> **YOUR OBJECTIVE**: For this exercise, the lines from the one with "This black and" through the final line of the data below are to be transcribed exactly, and pictures are to be skipped.

> **DATA BLOCK**:
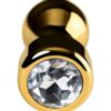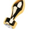 Ten złoty korek analny w kształcie pocisku to doskonałe połączenie elegancji i funkcjonalności. Jego bezpieczny design i luksusowy kryształ czynią go wyjątkowym dodatkiem do Twojej intymnej kolekcji, oferując komfort i wyrafinowanie.
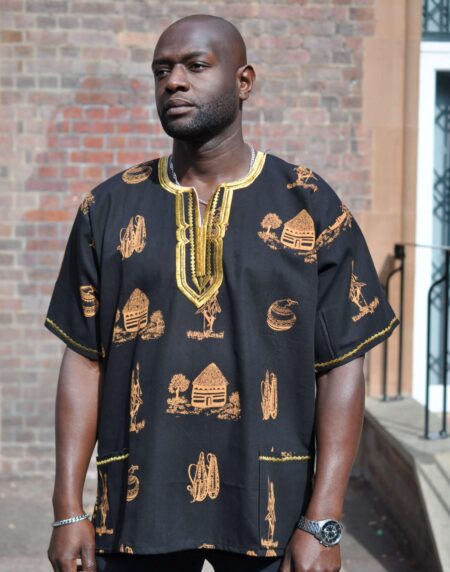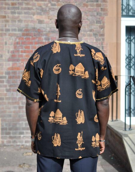 This black and gold shirt featuring traditional Kenya scenes and artefacts is perfect for every day wear or for an event. Ideal as a gift!
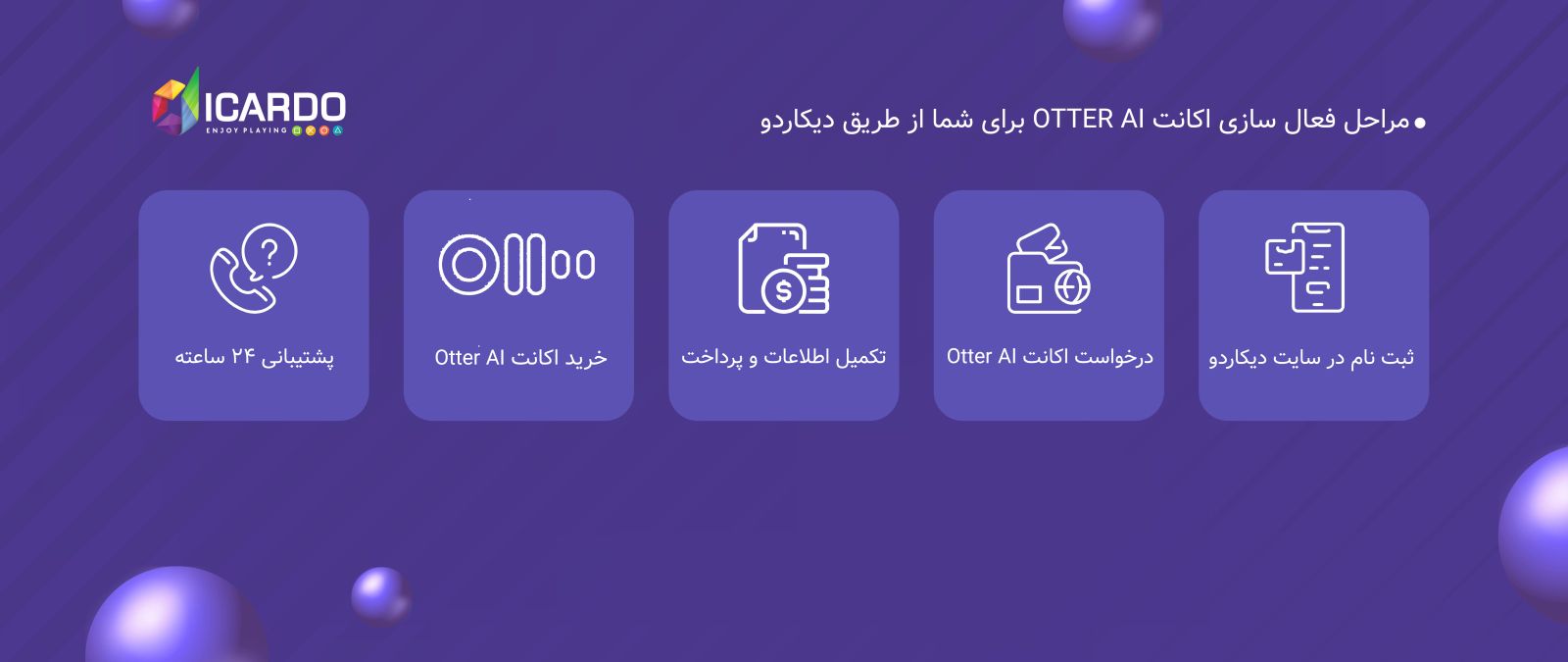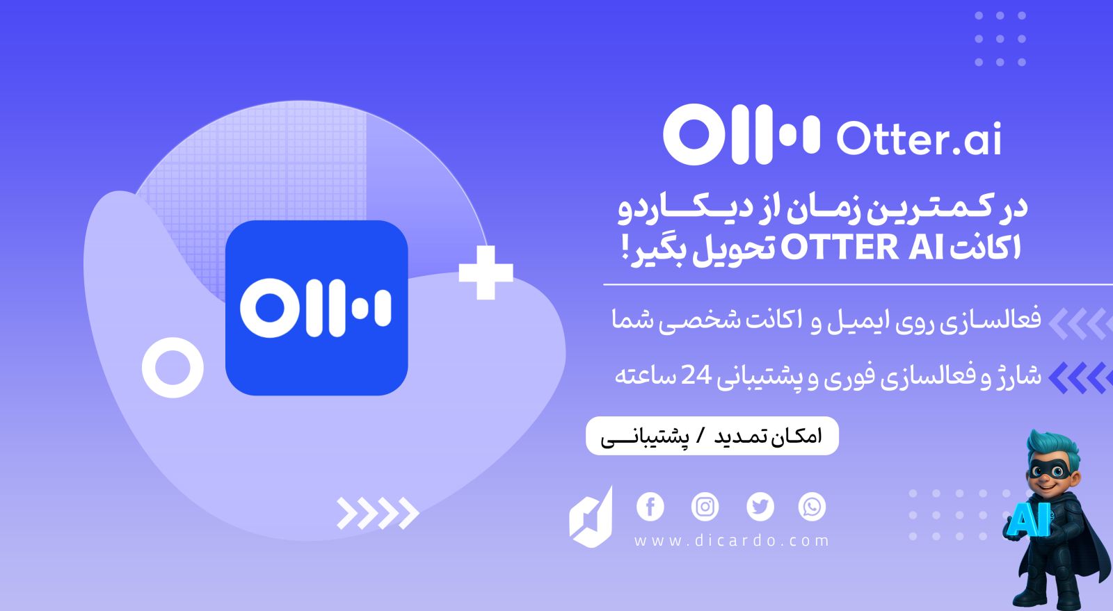 دیکاردو اولین وبسایت در زمینه پرداخت های درون برنامهای است که موفق به کسب مجوز رسمی از بنیاد ملی بازیهای رایانهای شده است. همچنین دیکاردو با ایجاد سرورهای امن و نیروهای متخصص و پشتیبانی 24 ساعته، همیشه آماده خدمت رسانی به مشتریان خود میباشد پس ما با افتخار یکی از معتبرترین سایتهای خرید اکانت Otter ai هستیم.

> **FINAL ANSWER**:
 This black and gold shirt featuring traditional Kenya scenes and artefacts is perfect for every day wear or for an event. Ideal as a gift!
 دیکاردو اولین وبسایت در زمینه پرداخت های درون برنامهای است که موفق به کسب مجوز رسمی از بنیاد ملی بازیهای رایانهای شده است. همچنین دیکاردو با ایجاد سرورهای امن و نیروهای متخصص و پشتیبانی 24 ساعته، همیشه آماده خدمت رسانی به مشتریان خود میباشد پس ما با افتخار یکی از معتبرترین سایتهای خرید اکانت Otter ai هستیم.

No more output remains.